Segment Start: SUPPLIED INFORMATION
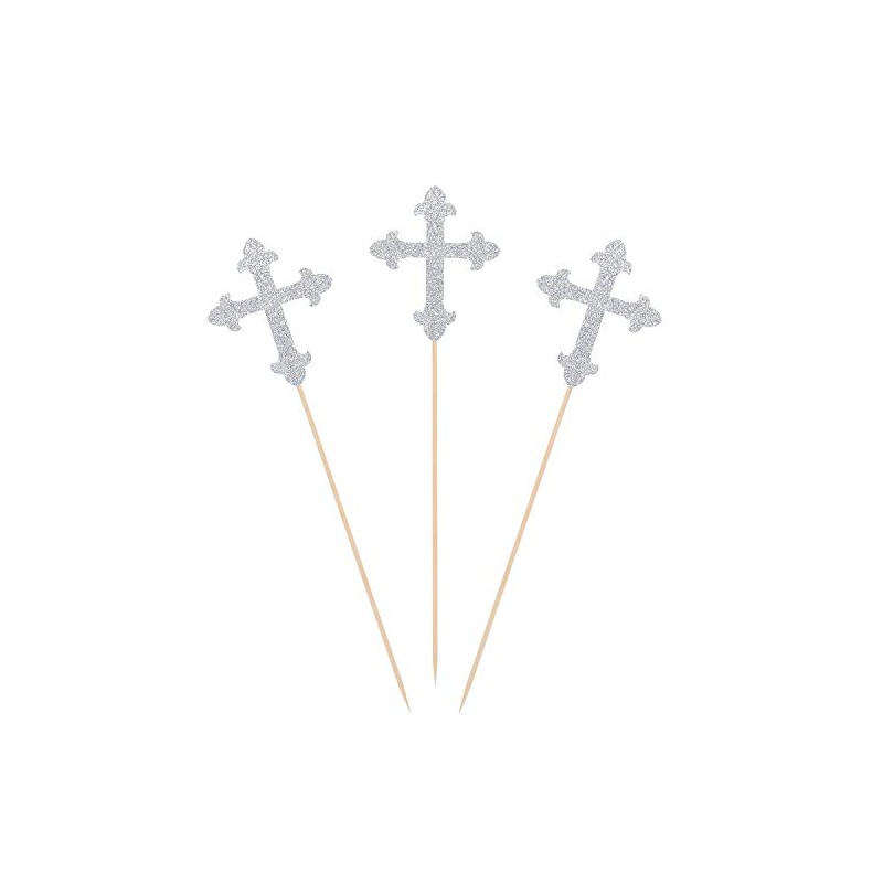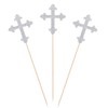 Silver Glitter Cross Centerpiece Sticks for Baptism Christening Party Decorations - Set of 10
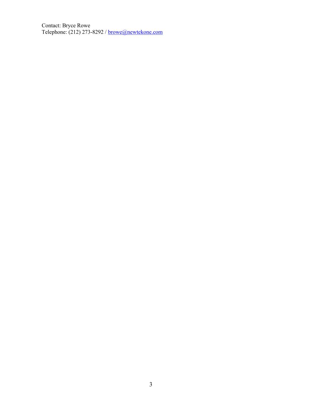 3 Contact: Bryce Rowe Telephone: (212) 273-8292 / browe@newtekone.com
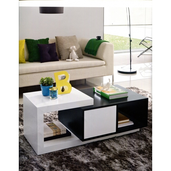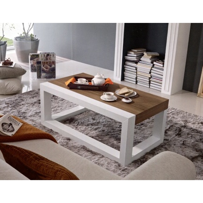 Mesa de centro 01 SARMSC 47 Mesa de centro fixa com 100X45X60 em Lacado Branco Mate + Nogueira. Ver detalhes
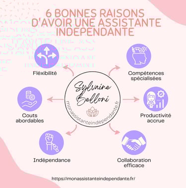 6. Collaboration efficace 🤝 : Les assistantes indépendantes peuvent travailler en étroite collaboration avec vous pour atteindre vos objectifs. Ils peuvent être une source d'inspiration, de soutien et de motivation tout en vous aidant à gérer les tâches quotidiennes.
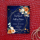 Orange and white roses sage eucalyptus greenery navy blue background gold geometrical frame floral budget wedding invitation template with QR RSVP code at the back.
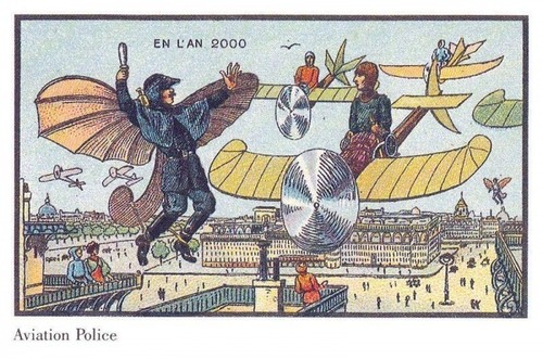这一组图出自1899年法国艺术家Jean-Marc Côté之手。他对二十世纪的图景进行了展望,然后装在雪茄盒里,在巴黎世博会期间将这些卡片分发出去。
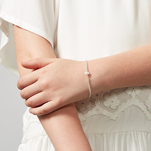 A sophisticated genuine pearl birthstone bracelet for June babies. Adjustable sizing appropriate for children and adults alike. A simple and elegant design in hallmarked sterling silver set with genuine sparkling birthstones to correlate to her birth month. June babies can sparkle with the lustrous pearl. A meaningful and personal gift to give for special occasions, Christenings, or birthdays. The adjustable bracelet has a full adult sized length with so can be worn from childhood as becomes a beautiful young woman and worn for the rest of her life. Hallmarked on the instantly recognisable paw print logo tag this bracelet bears the sign of quality British luxury. The bracelet measures 19cm (standard adult size) and can be adjusted at 15cm and 17cm to grow with her. Each month's gemstone is set into a sterling silver holder measuring 5.5mm in diameter x 3mm in depth. The gemstone inside is 4.5mm in diameter. Assay assured hallmarked sterling silver with a lobster claw clasp and genuine Pearl birthstone. Every month has a correlating birthstone in the collection. Gift set available for two bracelets at a discount perfect for mothers and daughters or sisters. It is recommended that you store your jewellery in the pouch and box provided to reduce the risk of damage and air pollution affecting its appearance. Sterling Silver is prone to natural tarnishing. This process is caused by oxygen and moisture coming into contact with the metal. This can be treated by respected name brand polishing cloth or buffing with a soft cloth. Do not wear swimming as materials are prone to damage from chlorine. Gemstones can be cleaned with warm water and gently buffed using a soft lint-free cloth. Ensure gemstones are not knocked when worn or stored to avoid scratching.
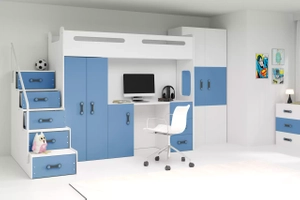 MAX 1 80X200 pat triplu pentru tineri cu birou, albastru
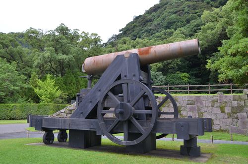 Le temps est incertain mais je débute rapidement ma promenade par un gros canon (ci-dessous) qui fut produit par un four à réverbère dont les restes se trouvent toujours dans Sengan-en. Cette arme, construite en 1857 fut d'une redoutable efficacité lors de la bataille contre l'armée anglais en 1863. C'est Nariakira qui en avait dessiné les plans. Quant au four à réverbère, envisagé dès 1851, il fut mis au point à partir de plans allemands et servit à couler de nombreux canons. C'est que Nariakira se révéla un génial inventeur, mettant au point, outre ce four, des usines d'armement, de nouveaux instruments agricoles, créant une verrerie, de la céramique, développant les domaines de la chimie, du tissage et de la filature, exploitant des mines, travaillant le cuir, mettant au point des moyens d'imprimerie.
Segment End: SUPPLIED INFORMATION
ACTIVITY: In the answer, set down only the lines from the opening line of the listing through the line that holds "这一组图出自1899年法国艺", exactly as they appear, minus the pictures.

COMPLETED EXERCISE:
 Silver Glitter Cross Centerpiece Sticks for Baptism Christening Party Decorations - Set of 10
 3 Contact: Bryce Rowe Telephone: (212) 273-8292 / browe@newtekone.com
 Mesa de centro 01 SARMSC 47 Mesa de centro fixa com 100X45X60 em Lacado Branco Mate + Nogueira. Ver detalhes
 6. Collaboration efficace 🤝 : Les assistantes indépendantes peuvent travailler en étroite collaboration avec vous pour atteindre vos objectifs. Ils peuvent être une source d'inspiration, de soutien et de motivation tout en vous aidant à gérer les tâches quotidiennes.
 Orange and white roses sage eucalyptus greenery navy blue background gold geometrical frame floral budget wedding invitation template with QR RSVP code at the back.
这一组图出自1899年法国艺术家Jean-Marc Côté之手。他对二十世纪的图景进行了展望,然后装在雪茄盒里,在巴黎世博会期间将这些卡片分发出去。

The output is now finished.